Nvidia (NVDA) Stock: Next Stop, $310?
RBC Capital analyst Mitch Steves is out today with a research note on shares of Nvidia (NASDAQ:NVDA), reiterating an Outperform rating, while raising the price target to $310 (from $300), which implies about 30% upside from current levels. Here are 4 reasons why:
- New upside case scenario of $13.00 in FY21E EPS (CY20E) based on higher operating margins.
- Confidence in Data Center spending given positive results across major data center players.
- Softer near-term gaming demand to be offset by 2H revenue ramps.
- Higher long-term gross margin expectations for Pro Visualization and Gaming.
“We see continued potential for EPS upside driven particularly by DC and Gaming and the new long-term $13 CY20E EPS upside case reflects our belief in the secular growth drivers,” Steves concluded.
According to TipRanks.com, which measures analysts’ and bloggers’ success rate based on how their calls perform, analyst Mitch Steves has a yearly average return of 26.5% and a 79% success rate.

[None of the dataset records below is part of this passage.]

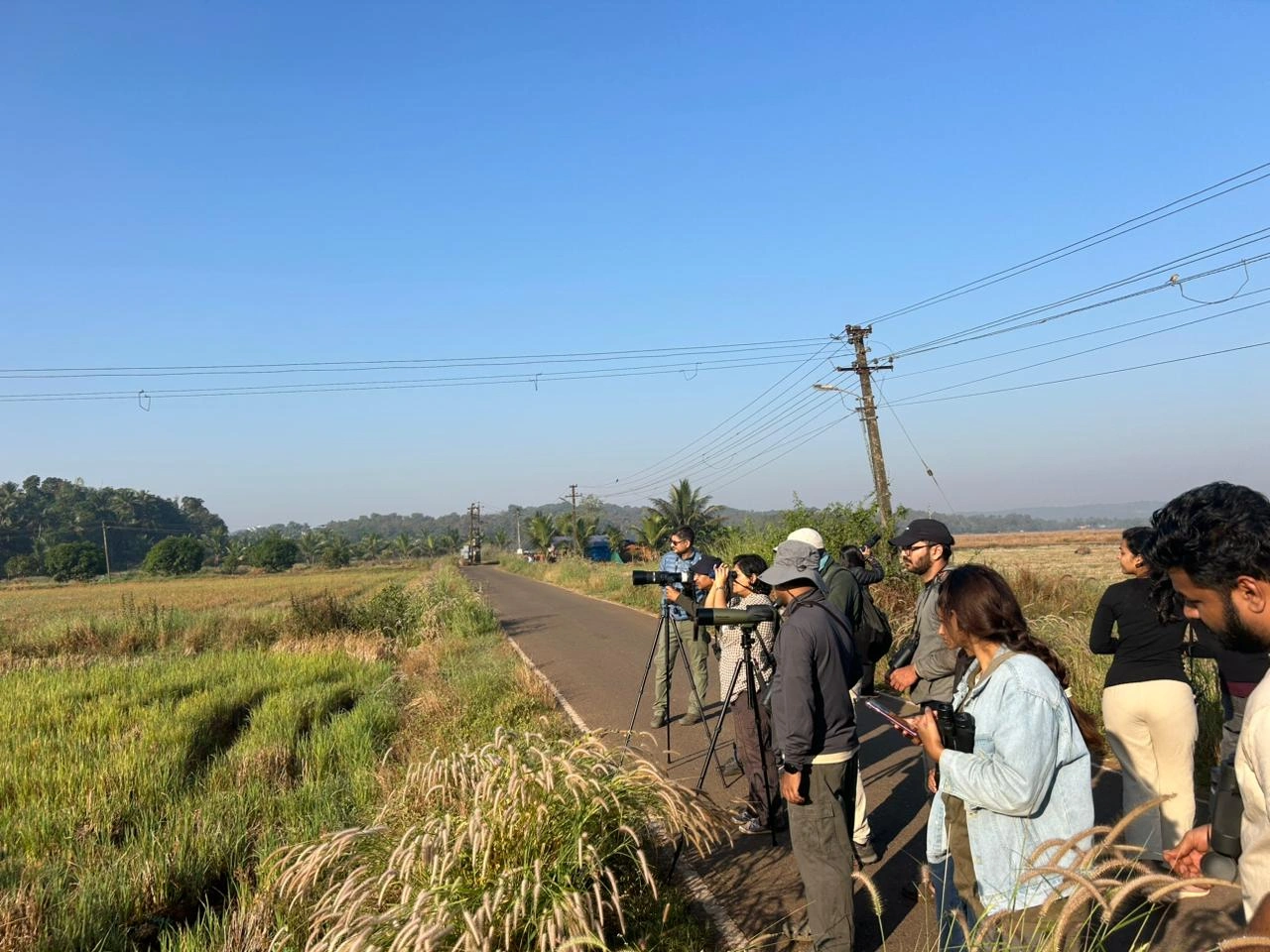 The bird walk at Diwar Island, Goa, led by Jalmesh Karapurkar, was attended by 15 participants and began on a lively note with a chorus of calls from the Malabar Whistling Thrush, Nilgiri Flowerpecker, and Green Warbler. As the walk progressed, cormorants and egrets were seen flying overhead, leaving their roosts and heading toward feeding grounds. Moving through the tranquil island landscape, participants experienced a seamless transition of habitats—from mangroves to open fields—each supporting a rich diversity of birdlife and activity.
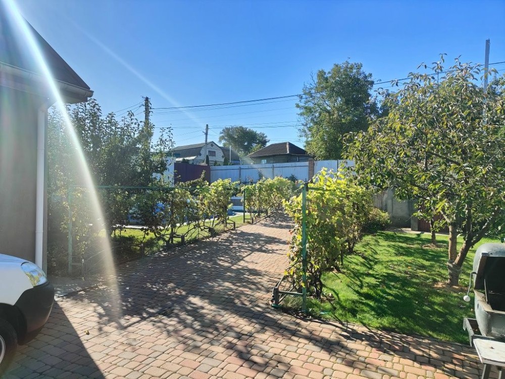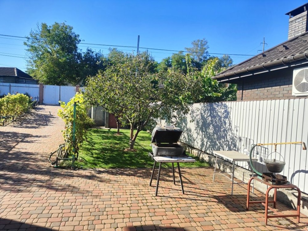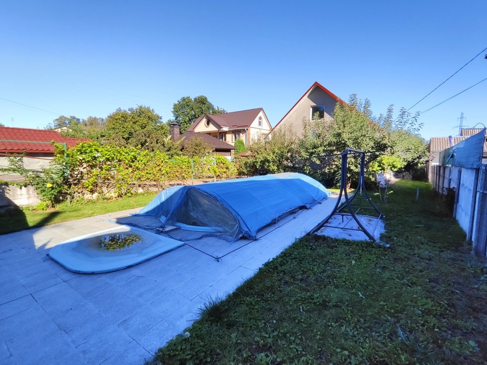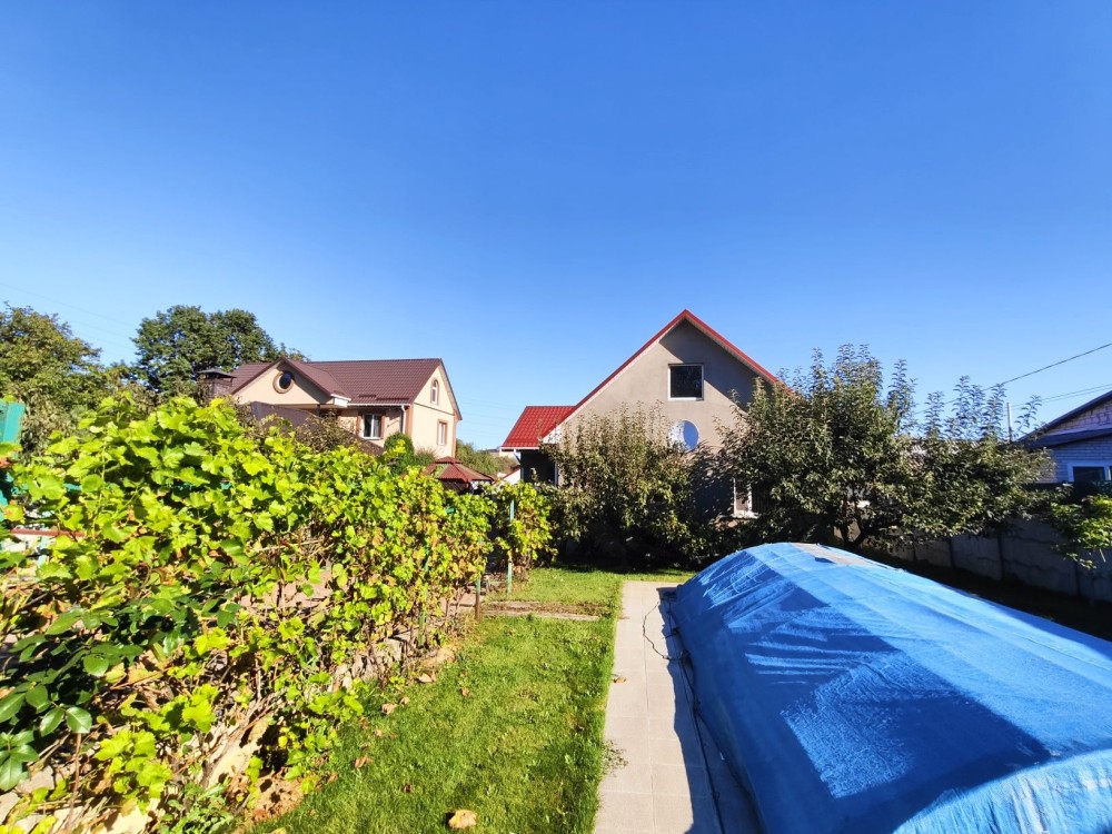 ​Територія подвір'я викладена бруківкою та добре облаштована. Тут є господарські будівлі для зберігання інвентарю, критий басейн для відпочинку в будь-яку погоду, є погріб та вольєр для собаки. На огороді встановлена система крапельного поливу, що значно полегшує догляд за рослинами.
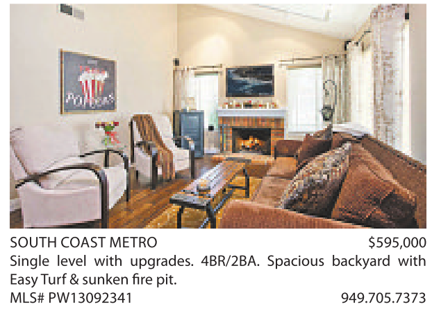 SOUTH COAST METRO $595,000 Single level with upgrades. 4BR/2BA. Spacious backyard with Easy Turf &sunken firepit. MLS# PW13092341 949.705.7373
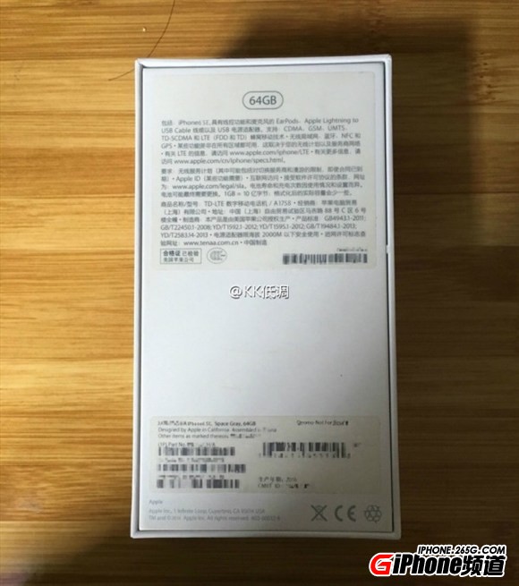 就在大家耐心等待iPhone 7正式發布的時候,網上不止一次出現不同的聲音,稱這代產品其實會叫做iPhone 6SE,明年的十周年版才配得上iPhone 7這個名號(也有的猜明年會叫iPhone 8)。微博網友@KK低調 曝光了一組照片,完整展示了所謂iPhone 6SE的包裝盒。從正面蘋果LOGO,到側面iPhone 6SE標記,再到背部規格表,以及內部說明書,全都清晰可見。
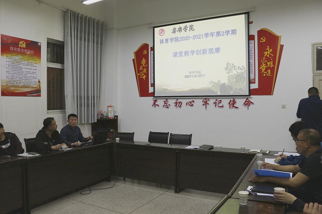 4月27日晚上,Beat365官方网站在会议室组织开展了2020-2021学年第2学期第一次课堂教学创新观摩活动,Beat365官方网站领导、教学督导组及全体教师参加了教学观摩。本学期Beat365官方网站教师教学任务量较重,为了有效避免因教学工作冲突,观摩活动参与人数少的问题,本次课堂教学创新观摩活动采用了视频观摩方式,视频内容选择了全国中小学体育课堂教学创新大赛获奖的部分课程。
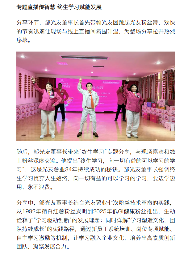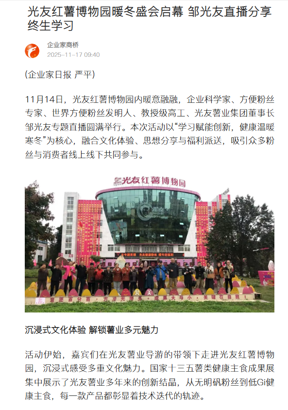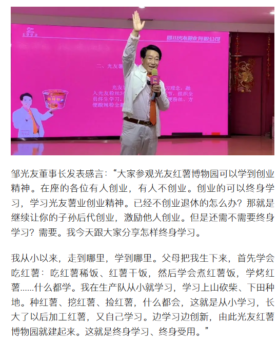 轉(zhuǎn)載搜狐網(wǎng)-光友紅薯博物園暖冬盛會啟幕 鄒光友直播分享終生學習
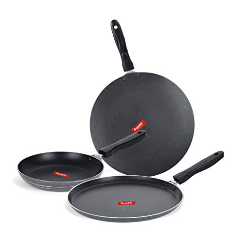 Sumeet NonStick Salaka Cookware Set (Dosa Tawa - 26.5Cm Dia + Tapper pan - 0.6Ltr - 20Cm Dia + Conceve/Roti Tawa - 28Cm Dia)
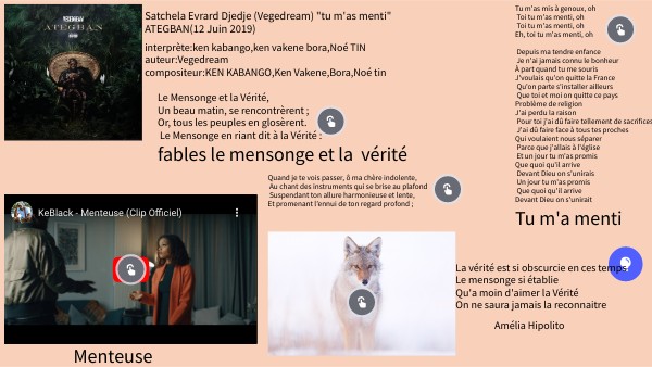 c'est une fable est reliés au deux chanson car dans les deux aucune vérité est dite que des mensonges.
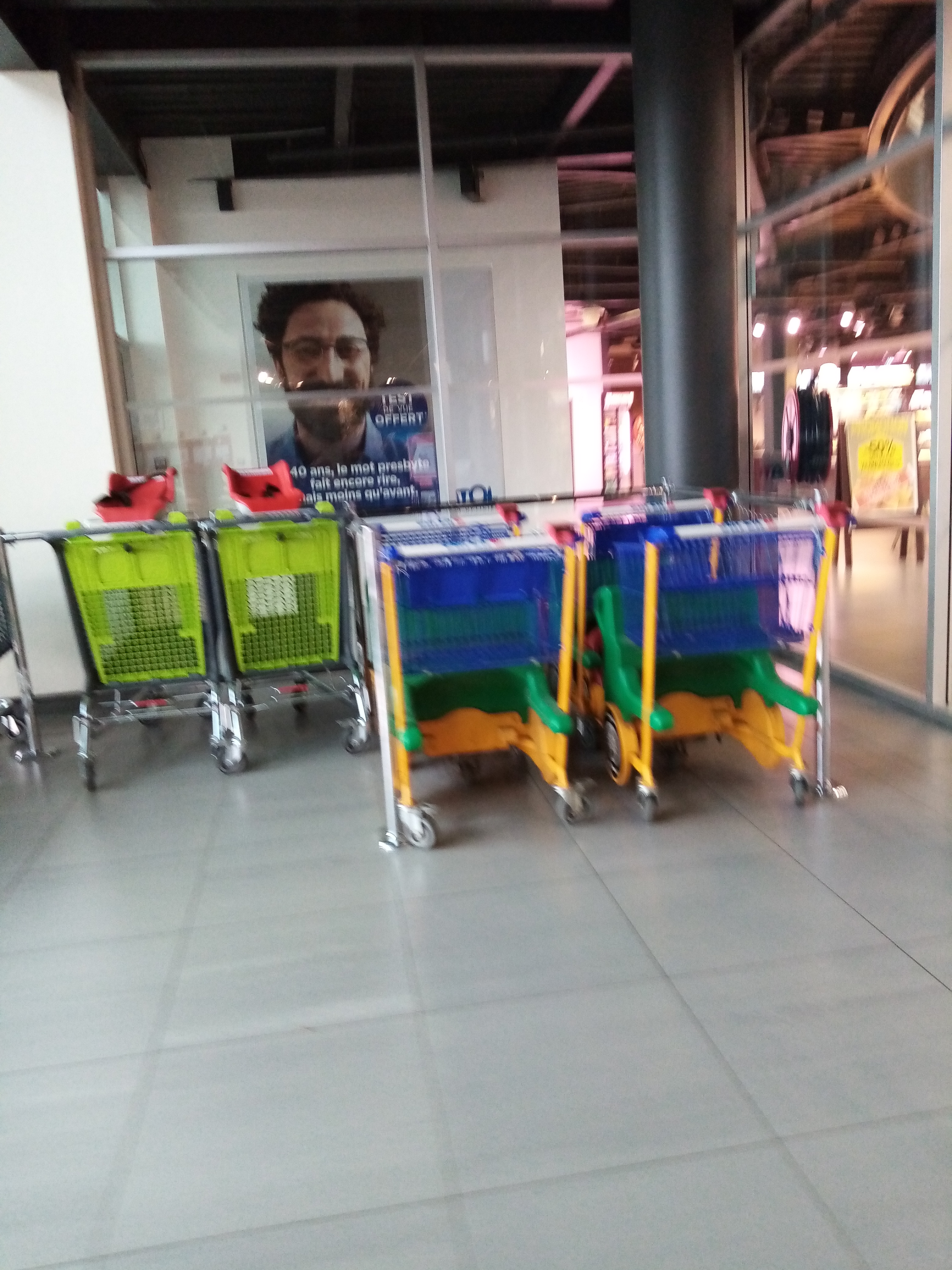 Galerie agréable, parfaite superficie pour faire les courses. Service restauration très bien, je conseille. Caddies en plastique top et en plus on y trouve des pailles en papier, bambou et inox, bravo

Steves has a 86.2% average return when recommending NVDA, and is ranked #185 out of 4830 analysts.
How does Steves’ bullish bet weigh in against the Street? It appears the analyst is not the only one enthusiastic on this chip giant’s prospects, with TipRanks analytics demonstrating NVDA as a Buy. Out of 26 analysts polled in the last 3 months, 18 are bullish on Nvidia stock while 8 remain sidelined. With a return potential of nearly 22%, the stock’s consensus target price stands at $288.36.